Work item: Transcribe the data verbatim and drop its images.

━━ Available data

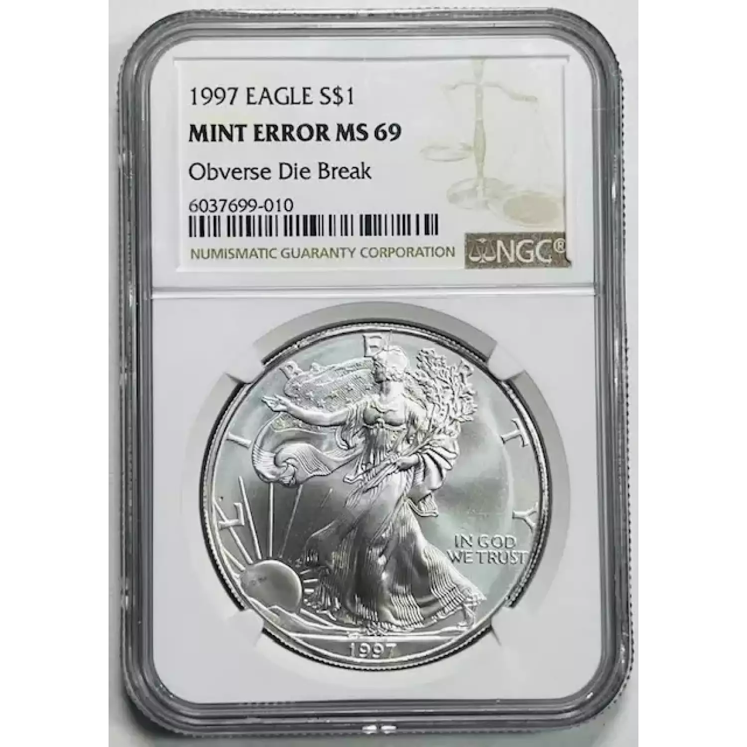 1997 Silver Eagles NGC MS-69 Mint Error "Crack Head"
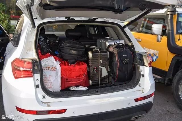 每辆车上坐4个人,都要带上全部的行李。我们这台车的行李厢里塞进了一个20寸登机箱、一个26寸托运箱、1个32寸托运箱、2个大号的相机包,还有一堆的杂物,空间依然还有富余。
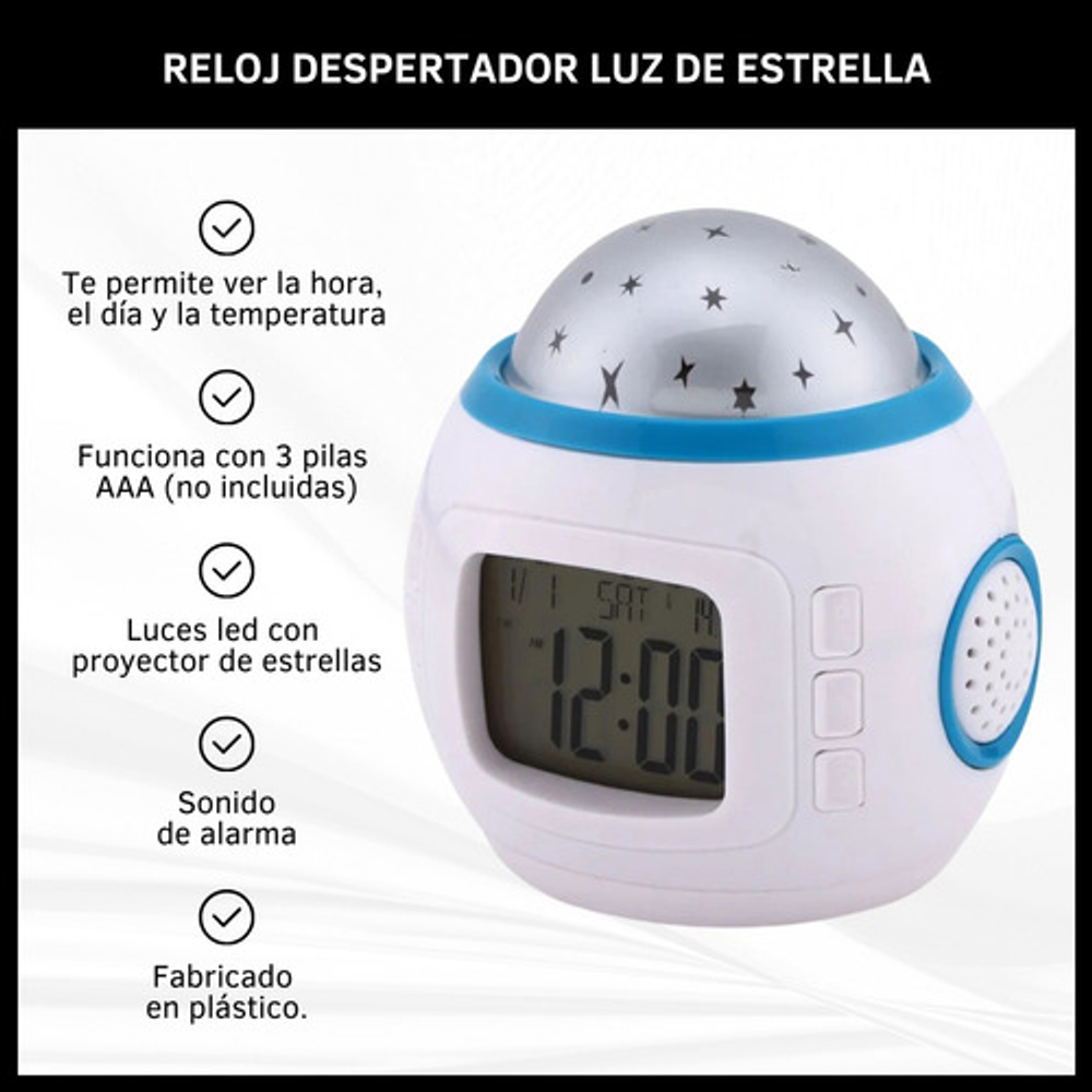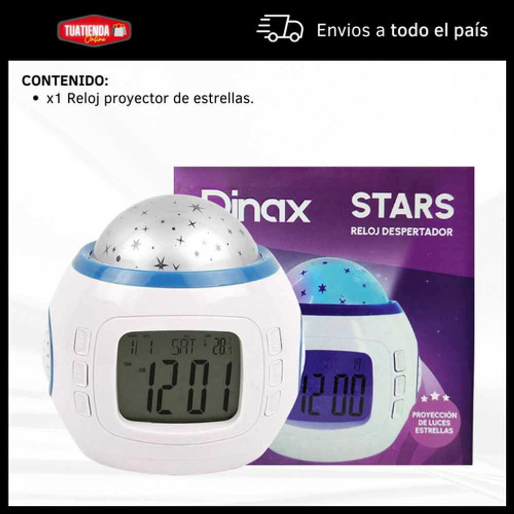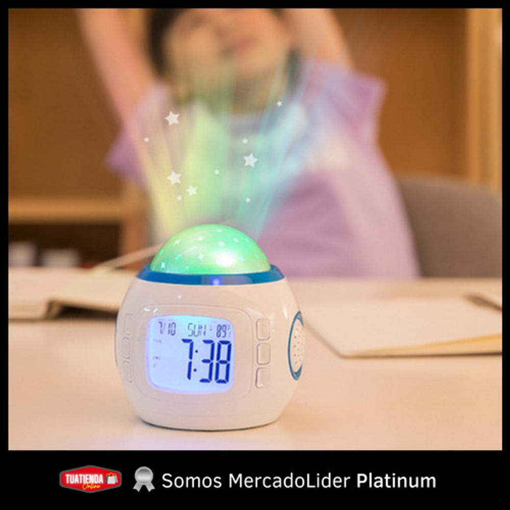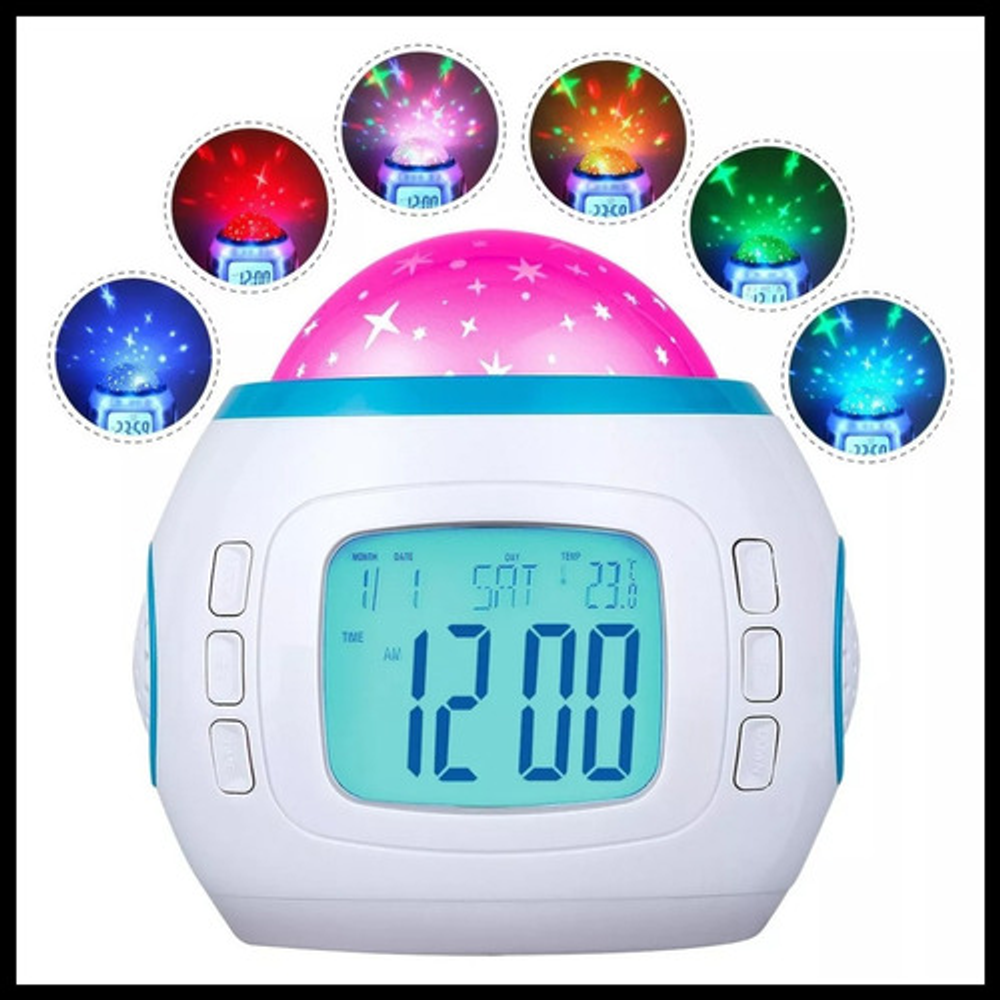RELOJ DESPERTADOR CON PROYECCIÓN DE ESTRELLAS Y MÚSICA

━━━━

Answer area:
 1997 Silver Eagles NGC MS-69 Mint Error "Crack Head"
 每辆车上坐4个人,都要带上全部的行李。我们这台车的行李厢里塞进了一个20寸登机箱、一个26寸托运箱、1个32寸托运箱、2个大号的相机包,还有一堆的杂物,空间依然还有富余。
RELOJ DESPERTADOR CON PROYECCIÓN DE ESTRELLAS Y MÚSICA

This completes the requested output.